Stored data
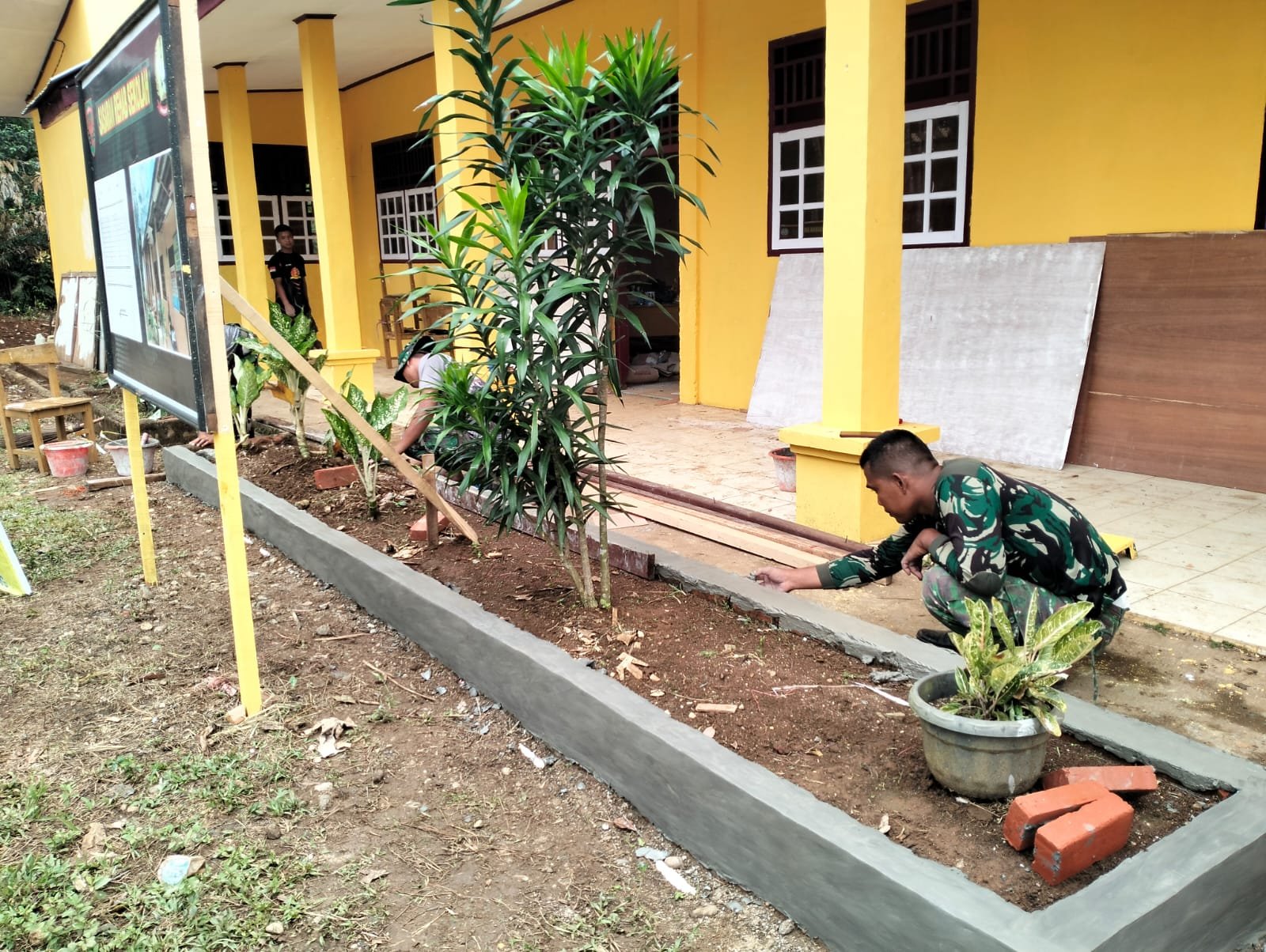 Satgas TMMD Ke 117 Selain Rehab Gedung dan Bangun Tower Air Juga Buat Taman Bunga SD 57/II
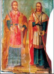 | Keywords: Казьма і Даміян.jpg be Казьма і Даміян Выява суп аваджаецца ахвя ным надпісам Сія Икона пост оенная Ста ательствомъ К естьянъ Де евни Площово октяб я 16 дня 1850 Года 1850 http //www kimpress by/index phtml page 2 id 976 mode print author Custom license marker 2013 07 01 PD-old-100 Uploaded with UploadWizard 1850 paintings in Belarus 19th-century icons of Belarus Icons of Cosmas and Damian 19th-century paintings in the Old Belarusian History Museum | ||||
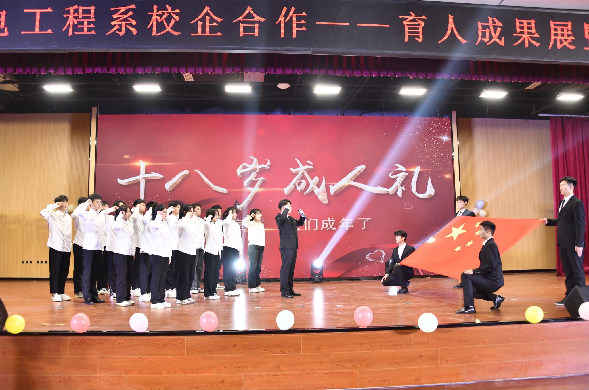 现场特别设置了“成人礼”环节。此前面向全系征集了刚满18岁的30余名学生的成长照片,制作成暖心VCR在现场播放,并邀请他们上台同唱生日歌,切巨型蛋糕,共同仰望五星红旗,立下无悔的誓言,将现场气氛推向高潮。
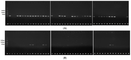 The PCR mixture included sense and antisense primers (Table 5), Taq PCR PreMix (AccuPower®, Daejeon, Republic of Korea), template DNA, and distilled water. PCR was performed under the following conditions: 10 min at 95 °C, followed by 30 cycles of 30 s at 95 °C, 30 s at each annealing temperature, and 30 s at 75 °C. After PCR, the products were run on 1% agarose gels, and bands were developed using an ultraviolet transilluminator and photographed.
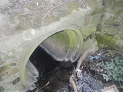 Bridge carrying track over Normanton Brook. Single span, stone abutments, brick arch and concrete repairs. (1)

## WORK TASK
Drop every picture and repeat the rest of the entries exactly.

## SOLUTION TO THE EXERCISE
 Satgas TMMD Ke 117 Selain Rehab Gedung dan Bangun Tower Air Juga Buat Taman Bunga SD 57/II
 | Keywords: Казьма і Даміян.jpg be Казьма і Даміян Выява суп аваджаецца ахвя ным надпісам Сія Икона пост оенная Ста ательствомъ К естьянъ Де евни Площово октяб я 16 дня 1850 Года 1850 http //www kimpress by/index phtml page 2 id 976 mode print author Custom license marker 2013 07 01 PD-old-100 Uploaded with UploadWizard 1850 paintings in Belarus 19th-century icons of Belarus Icons of Cosmas and Damian 19th-century paintings in the Old Belarusian History Museum | ||||
 现场特别设置了“成人礼”环节。此前面向全系征集了刚满18岁的30余名学生的成长照片,制作成暖心VCR在现场播放,并邀请他们上台同唱生日歌,切巨型蛋糕,共同仰望五星红旗,立下无悔的誓言,将现场气氛推向高潮。
 The PCR mixture included sense and antisense primers (Table 5), Taq PCR PreMix (AccuPower®, Daejeon, Republic of Korea), template DNA, and distilled water. PCR was performed under the following conditions: 10 min at 95 °C, followed by 30 cycles of 30 s at 95 °C, 30 s at each annealing temperature, and 30 s at 75 °C. After PCR, the products were run on 1% agarose gels, and bands were developed using an ultraviolet transilluminator and photographed.
 Bridge carrying track over Normanton Brook. Single span, stone abutments, brick arch and concrete repairs. (1)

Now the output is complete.